It’s no question that affording housing – whether owning or renting – is expensive. While most Americans say they’re spending about 25% of their income on housing expenses, according to the Bureau of Labor Statistics, that’s not exactly the case in some of California’s biggest cities.
In a recent analysis, SmartAsset reviewed the nation’s 25 largest cities to determine the number of hours a renter would need to work to cover housing costs based on three metrics: average annual take-home pay, average hours worked per year, and median monthly rent.
For example, in Detroit, the estimated hourly wage is $20.80 after taxes while the median rent is $850. This means a renter needs to work just over 40 hours to cover their rent each month. Detroit is the only city SmartAsset reviewed where a renter needs to work just one full-time week to cover rent.
The analysis also referred to a common financial rule of thumb – you shouldn’t spend more than 30% of your pre-tax income on housing. In Detroit, SmartAsset’s analysis found renters are following that financial guideline and spending about 25% of their pre-tax income on housing.
In four California cities, that isn’t the case.
Renters in San Jose have to work more hours than any of the other cities reviewed just to pay rent, according to the analysis. With an estimated hourly wage of $28.84 and a median monthly rent of $2,232, those living in San Jose need to work slightly more than 77 hours – almost two weeks of full-time work – to cover rent.
Coming in second place in SmartAsset’s analysis was Los Angeles. While both the average rent and estimated wages are lower – $1,523 and $21.08, respectively – you’d still need to work 72.3 hours to pay for rent each month.

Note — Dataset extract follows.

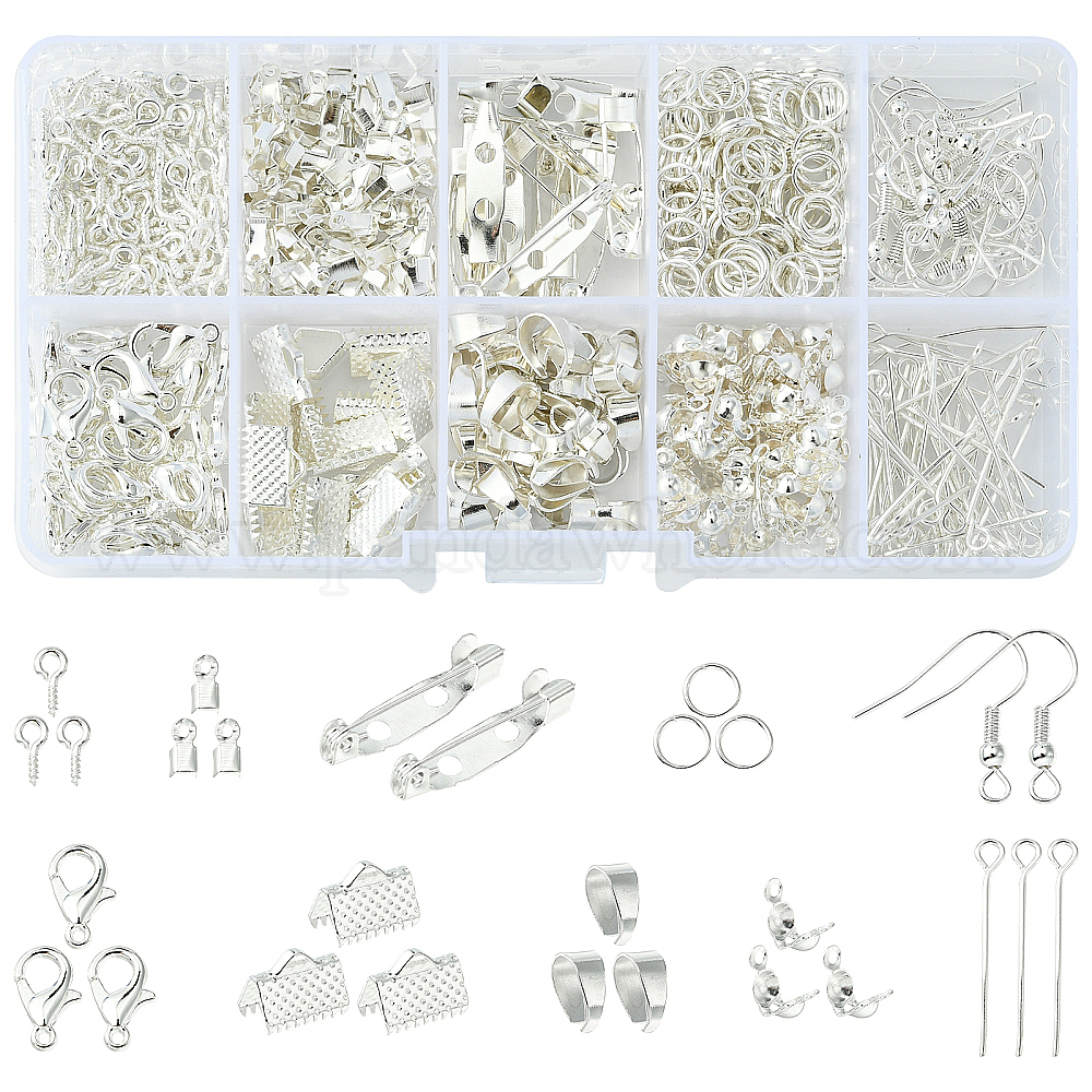 • Серебро Наборы для изготовления ювелирных изделий своими руками, включая застежки из сплава, Кончики железных бус, кольца для прыжков, крючки для сережек, булавки для глаз, зажимные скобы, обжимные концы лент и фурнитура для брошей, серебряные, 749 шт / коробка

Close behind was San Diego where working 72.2 hours with a wage of $24.53 is needed to afford an average rent of $1,770.
Rounding out the top four cities is San Francisco. The estimated hourly wage is higher than the three other California cities at $31.74 (and the highest among the cities evaluated), but with the median rent just surpassing $2,000, you’d need to work 63.3 hours to afford rent.
Unsurprisingly, renters in San Jose, Los Angeles, San Diego, and San Francisco aren’t exactly following the financial rule of spending no more than 30% of their income on housing. Based on SmartAsset’s data, here is roughly how much of an average renter’s income is going to housing:
- San Jose: 48%
- Los Angeles: 45%
- San Diego: 45%
- San Francisco: 40%
These rankings may not come as a shock to California renters. Los Angeles and San Diego were recently found to be among the most expensive rental cities in the U.S.

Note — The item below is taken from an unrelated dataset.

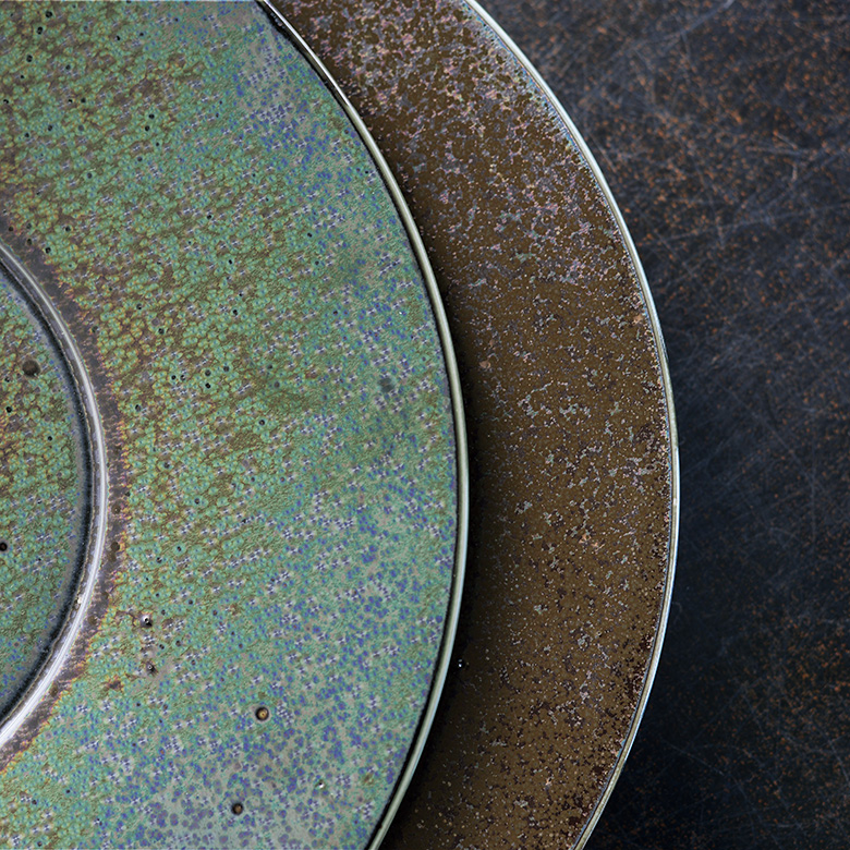 窯内部の化学物質と釉薬に含まれる物質が反応しあうことで様々な色相が生まれ、

It’s not just renting that’s expensive in California, either. San Jose, Los Angeles, San Diego, and San Francisco also have the highest median home list prices, recent data from Zillow found.
Boston was the only non-California city to land in the top five cities nationwide. With an hourly wage of $24.75 and a median rent of $1,685, a renter needs to work 68.1 hours to afford housing each month.